While many UK farmers have successfully adopted NZ ways, Frank thinks there is a middle, less extreme path that would produce more milk from grazed grass.
He suggests that lack of access to ‘cheap’ cereals and years of low milk prices drove the Kiwis to produce as much milk from grass, with a primary focus on production per hectare rather than production per cow.
Don’t ignore cow efficiency
Frank urges farmers not to ignore cow performance. More grass in the diet usually lowers the average feed cost, yes – but it often lowers milk yield per cow and hence cow efficiency.
Grazing too short also slows growth and reduces the amount of grass that will actually grow in future – with a great danger of exhausting the individual plants.
And we shouldn’t get hooked up on utilisation. 90% utilisation of an 8 tonne crop gives 7.2 tonne consumed; 70% utilisation of a 12 tonne crop (produced by allowing a longer rest period between grazings) means 8.4 tonnes has been eaten.
Grazing too short also restricts intakes – there is just not enough material for the cows to get a good biteful. 70% utilisation is more likely to sustain 8,000 litres per cow – 90% utilisation only 6,000 litres a cow.
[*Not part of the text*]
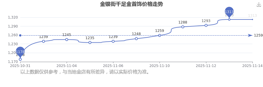 金銀街今日千足金首飾的最新市場行情價(jià)為1313.0元/克。
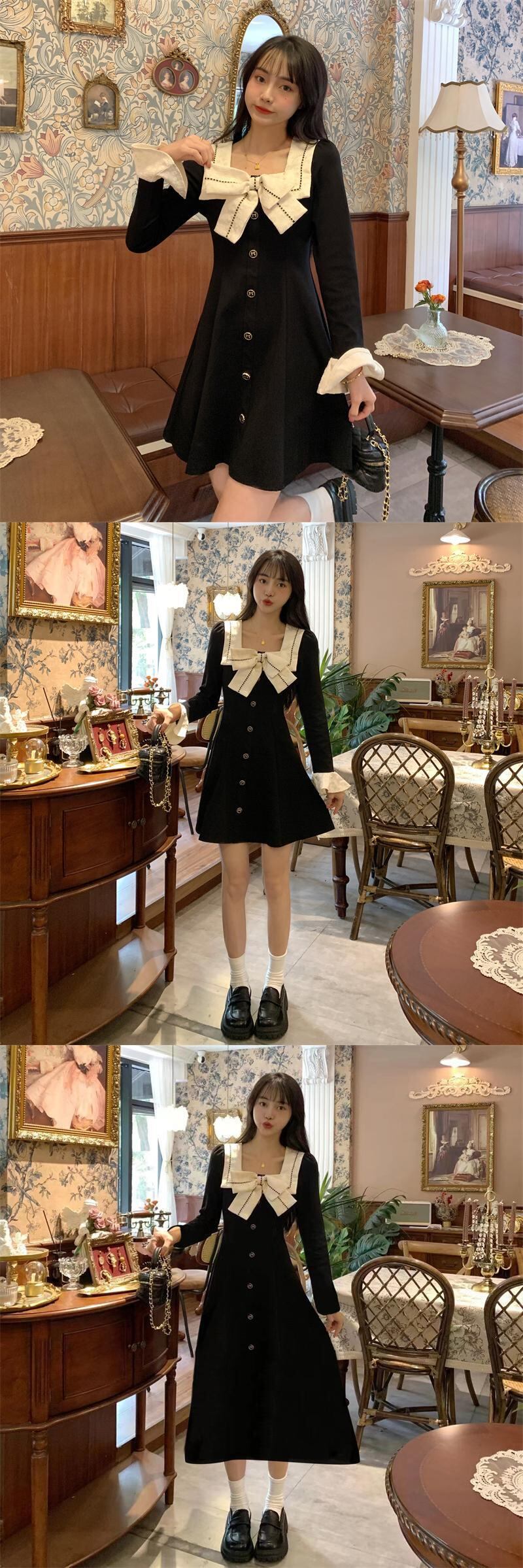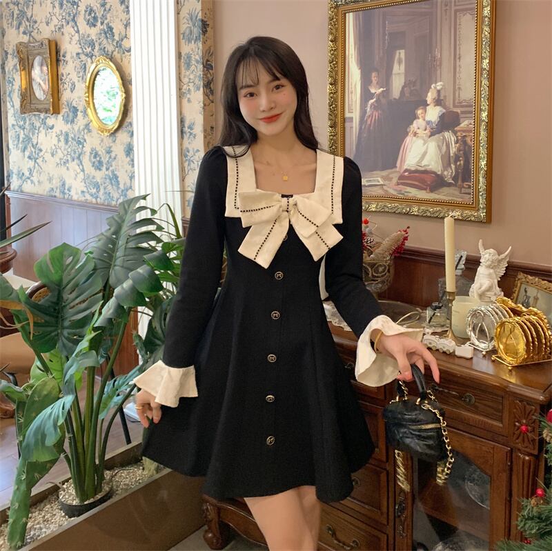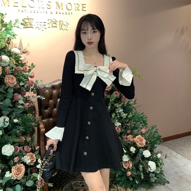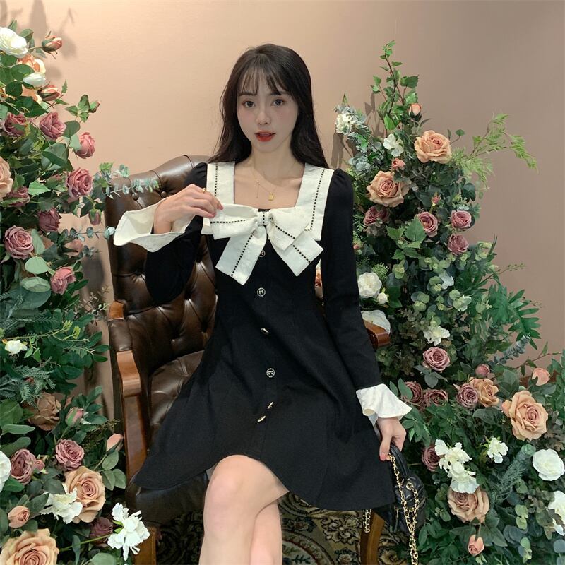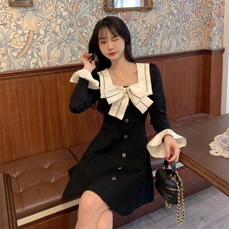 大きいサイズの婦人服 2023 春服脂肪姉妹新しいファッション襟弓デザインセンスウエスト痩身ドレス リボン 大きめサイズ スプリング 春物 8884132303132136

Grass has to be wasted to some extent if high cow efficiency is to be achieved. If residue builds up, mow it. Not wasting any grass means farmers are probably wasting the potential within the cow.
Frank also disputes the usefulness of measuring swards and grazing wedges – saying this historical information is not helpful in planning the rotation ahead…
but we’ll leave that for another post!